**Data supplied:**
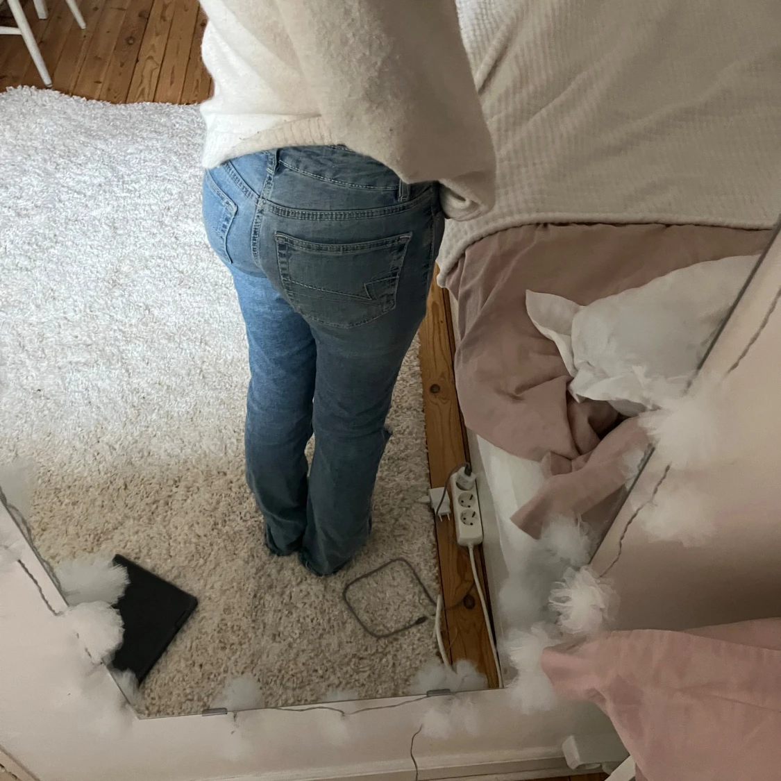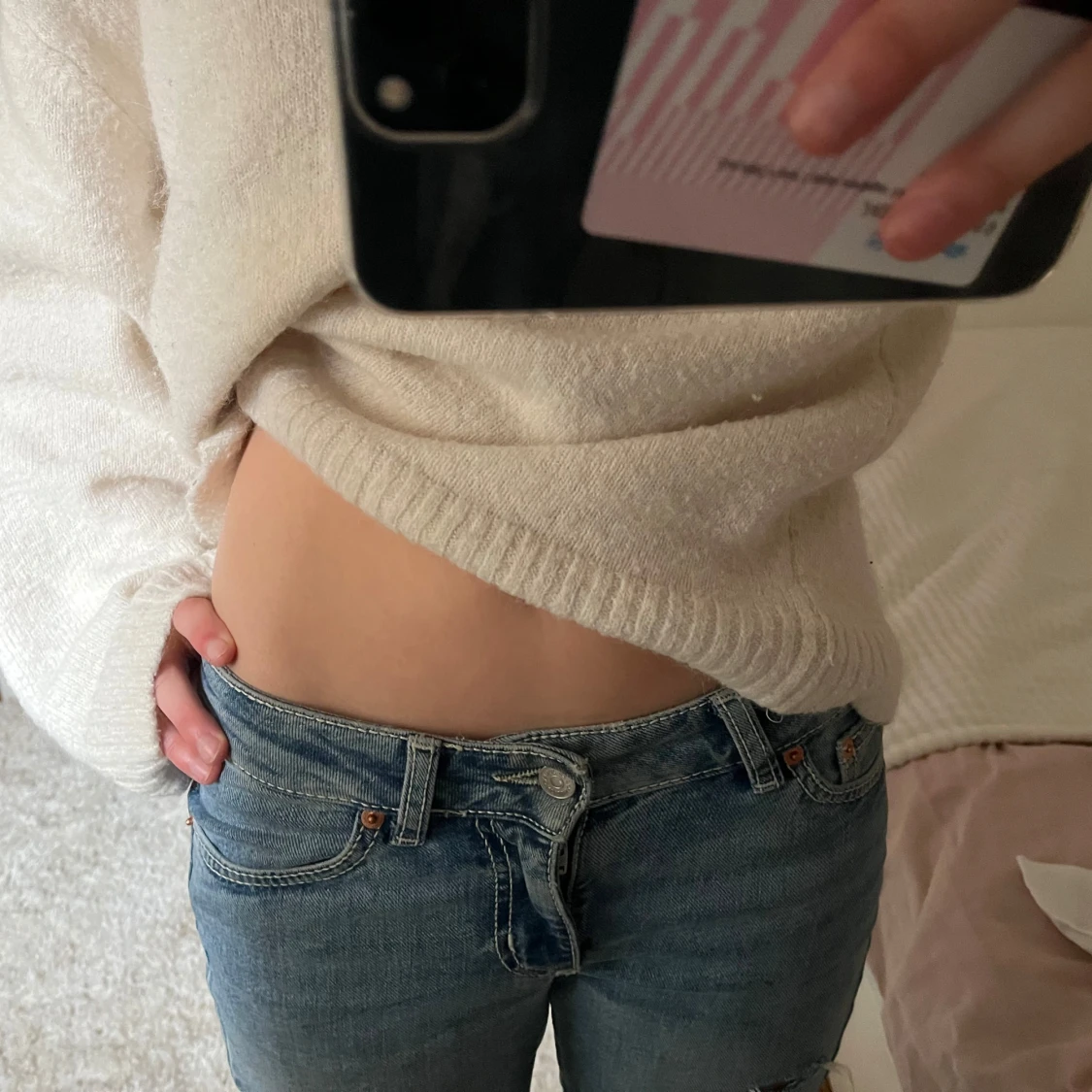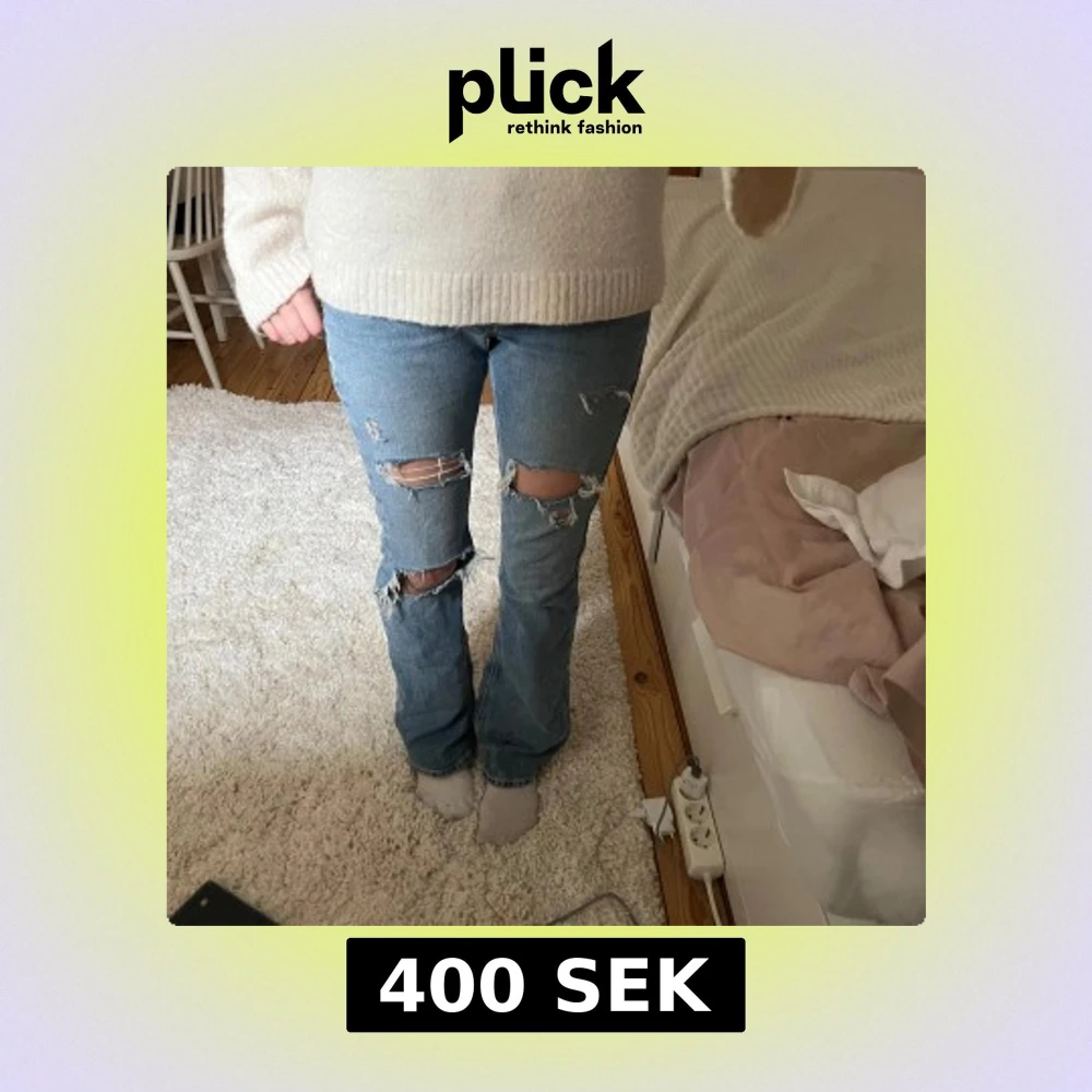 Säljer ett par blå jeans med slitningar på knäna och låren. De har en klassisk femficksdesign och är lågmidjade. Perfekta för en avslappnad stil. Storlek Xs junkyard storlekar 💕💕
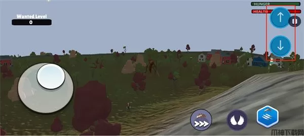 4、玩家可以通过游戏右上角的上下按钮来调整高度,飞行中还会消耗体力;
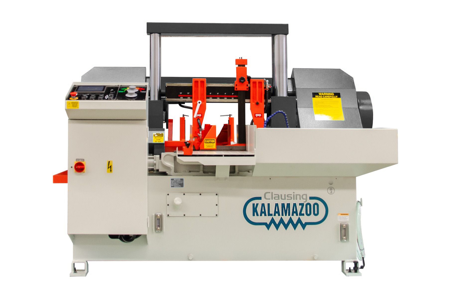 Clausing Kalamazoo Double Column Automatic Horizontal Bandsaw 15” x 12.6” Max Rectangular Capacity, 12.6” Round Capacity, 49 to 262 SFPM Blade Speed, 5 Hp Drive Motor, 230 volts 3 Phase Available through Commonwealth Industrial—your Clausing sales and service partner.
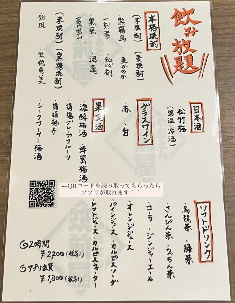 | 飲み放題 | 2時間 2,200円(税別) 2時間:アプリ会員 1,800円(税別) 延長1時間 900円 |
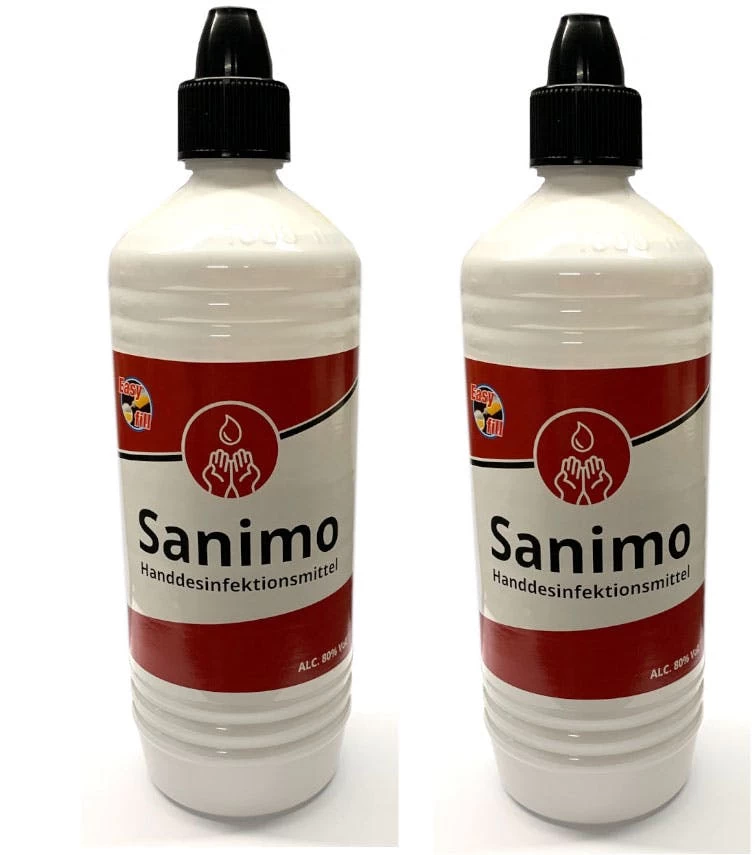 2x 1000ml Sanimo Handdesinfektionsmittel – Anwendungsfertig – Nach Rezept Der WHO Desinfektionsmittel Hände Nachfüllflasche

**Problem to solve:**
Starting at the line containing "4、玩家可以通过游戏右上角的上下按钮来调整高度,飞行中还会消耗体力;", output every remaining line of the records above exactly, the last one included. Nothing else belongs in the output, and no pictures either.

**Answer area:**
 4、玩家可以通过游戏右上角的上下按钮来调整高度,飞行中还会消耗体力;
 Clausing Kalamazoo Double Column Automatic Horizontal Bandsaw 15” x 12.6” Max Rectangular Capacity, 12.6” Round Capacity, 49 to 262 SFPM Blade Speed, 5 Hp Drive Motor, 230 volts 3 Phase Available through Commonwealth Industrial—your Clausing sales and service partner.
 | 飲み放題 | 2時間 2,200円(税別) 2時間:アプリ会員 1,800円(税別) 延長1時間 900円 |
 2x 1000ml Sanimo Handdesinfektionsmittel – Anwendungsfertig – Nach Rezept Der WHO Desinfektionsmittel Hände Nachfüllflasche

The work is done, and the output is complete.